RECORDS TO PROCESS section start

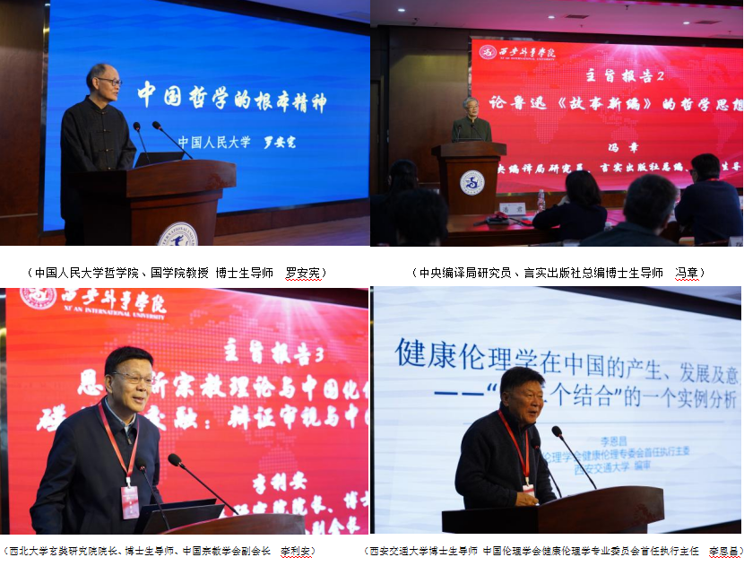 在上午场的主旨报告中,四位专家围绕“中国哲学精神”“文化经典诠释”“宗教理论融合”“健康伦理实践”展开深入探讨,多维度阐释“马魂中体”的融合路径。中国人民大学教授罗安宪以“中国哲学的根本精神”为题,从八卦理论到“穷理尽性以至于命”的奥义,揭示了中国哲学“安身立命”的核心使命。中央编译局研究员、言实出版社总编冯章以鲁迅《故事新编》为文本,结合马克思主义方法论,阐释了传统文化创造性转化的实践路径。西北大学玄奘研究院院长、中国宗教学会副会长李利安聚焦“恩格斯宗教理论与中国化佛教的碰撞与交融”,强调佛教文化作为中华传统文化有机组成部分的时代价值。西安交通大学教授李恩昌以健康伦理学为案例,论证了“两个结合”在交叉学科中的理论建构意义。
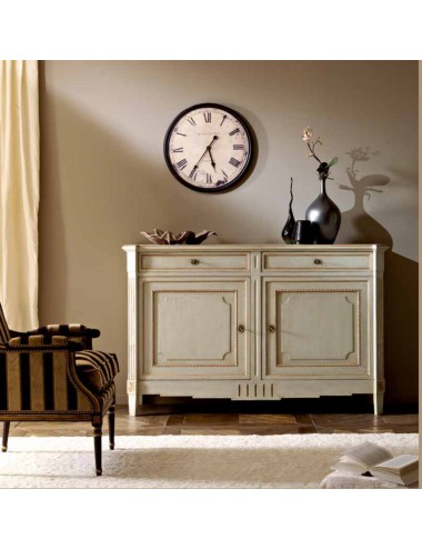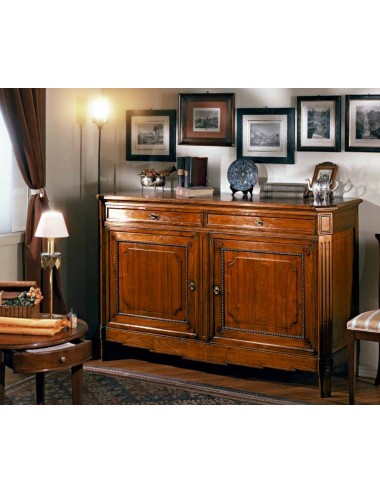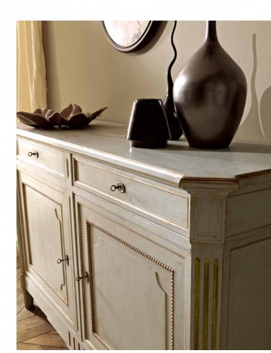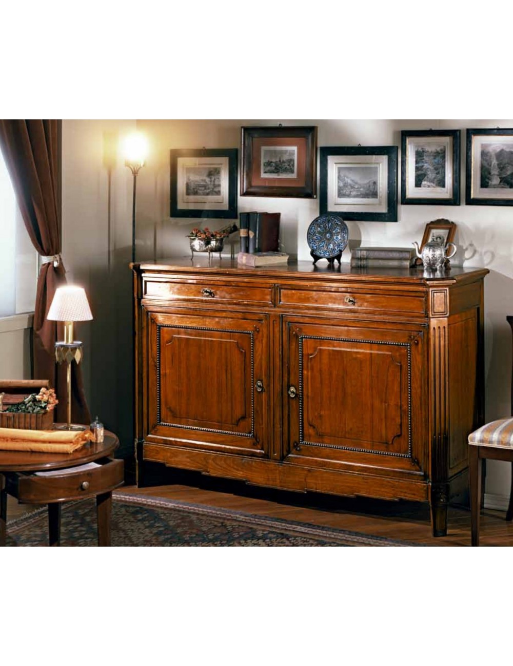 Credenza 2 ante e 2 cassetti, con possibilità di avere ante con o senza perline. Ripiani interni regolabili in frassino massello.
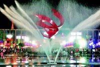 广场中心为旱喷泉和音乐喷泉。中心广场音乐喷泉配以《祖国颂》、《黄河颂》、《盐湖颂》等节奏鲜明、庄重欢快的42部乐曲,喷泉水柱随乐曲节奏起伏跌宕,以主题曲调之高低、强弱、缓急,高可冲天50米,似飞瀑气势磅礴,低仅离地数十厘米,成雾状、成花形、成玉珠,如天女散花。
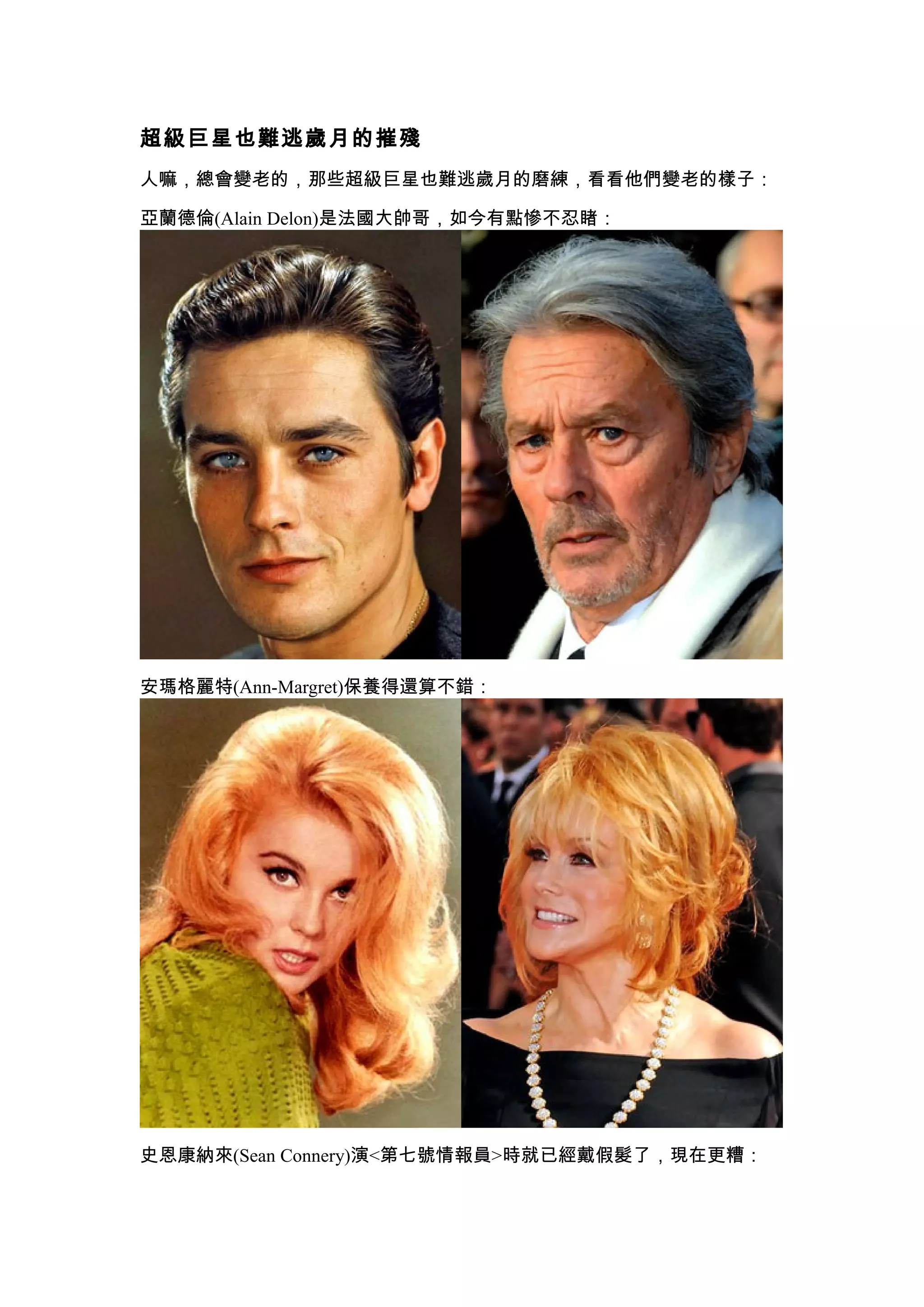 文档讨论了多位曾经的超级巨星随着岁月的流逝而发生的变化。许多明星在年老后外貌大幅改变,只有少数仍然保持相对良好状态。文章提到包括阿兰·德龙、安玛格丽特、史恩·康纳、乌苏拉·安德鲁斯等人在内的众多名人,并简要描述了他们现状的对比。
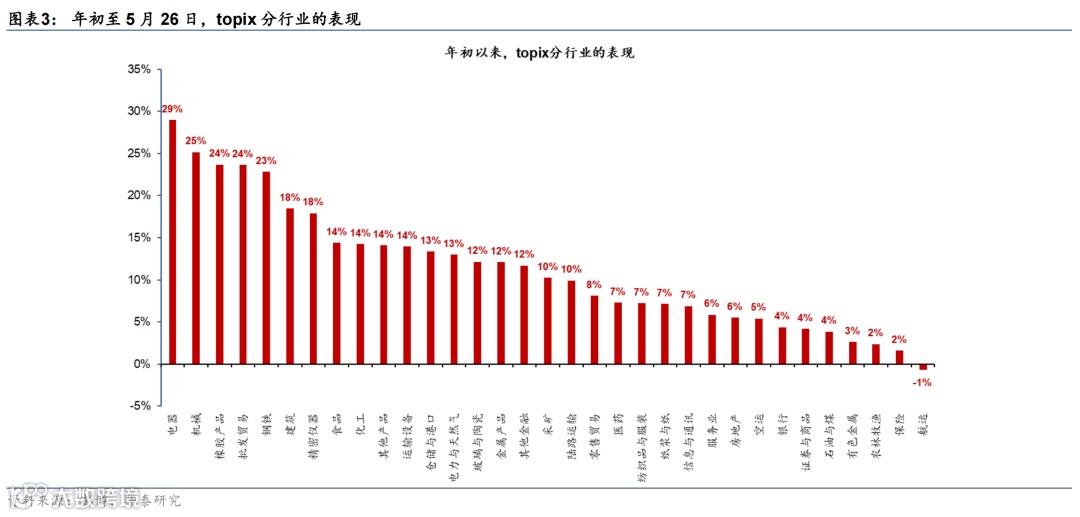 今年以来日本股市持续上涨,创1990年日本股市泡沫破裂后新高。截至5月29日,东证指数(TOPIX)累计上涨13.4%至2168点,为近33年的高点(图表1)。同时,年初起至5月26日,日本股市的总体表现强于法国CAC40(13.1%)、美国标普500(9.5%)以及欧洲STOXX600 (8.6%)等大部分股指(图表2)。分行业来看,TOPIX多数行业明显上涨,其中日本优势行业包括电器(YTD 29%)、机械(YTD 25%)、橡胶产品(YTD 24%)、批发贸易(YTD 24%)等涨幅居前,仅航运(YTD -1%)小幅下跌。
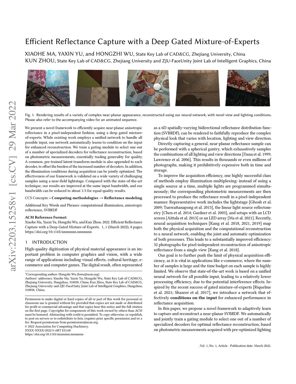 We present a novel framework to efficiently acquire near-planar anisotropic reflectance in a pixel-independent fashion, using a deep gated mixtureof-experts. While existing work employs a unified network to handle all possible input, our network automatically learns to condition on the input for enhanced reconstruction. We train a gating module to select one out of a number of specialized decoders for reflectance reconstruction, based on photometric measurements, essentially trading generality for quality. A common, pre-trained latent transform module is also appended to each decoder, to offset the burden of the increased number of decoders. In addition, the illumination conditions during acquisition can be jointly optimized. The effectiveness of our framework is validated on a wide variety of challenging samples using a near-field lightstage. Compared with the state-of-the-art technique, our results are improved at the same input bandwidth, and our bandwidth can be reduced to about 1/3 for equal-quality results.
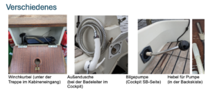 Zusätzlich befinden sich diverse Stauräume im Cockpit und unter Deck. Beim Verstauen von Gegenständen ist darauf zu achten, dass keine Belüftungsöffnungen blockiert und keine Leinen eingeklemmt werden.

RECORDS TO PROCESS section end

__WHAT NEEDS TO BE DONE__. Each line from the top of the records through the one containing "Credenza 2 ante" needs to be transcribed exactly, without pictures.

__WRITTEN ANSWER__.
 在上午场的主旨报告中,四位专家围绕“中国哲学精神”“文化经典诠释”“宗教理论融合”“健康伦理实践”展开深入探讨,多维度阐释“马魂中体”的融合路径。中国人民大学教授罗安宪以“中国哲学的根本精神”为题,从八卦理论到“穷理尽性以至于命”的奥义,揭示了中国哲学“安身立命”的核心使命。中央编译局研究员、言实出版社总编冯章以鲁迅《故事新编》为文本,结合马克思主义方法论,阐释了传统文化创造性转化的实践路径。西北大学玄奘研究院院长、中国宗教学会副会长李利安聚焦“恩格斯宗教理论与中国化佛教的碰撞与交融”,强调佛教文化作为中华传统文化有机组成部分的时代价值。西安交通大学教授李恩昌以健康伦理学为案例,论证了“两个结合”在交叉学科中的理论建构意义。
 Credenza 2 ante e 2 cassetti, con possibilità di avere ante con o senza perline. Ripiani interni regolabili in frassino massello.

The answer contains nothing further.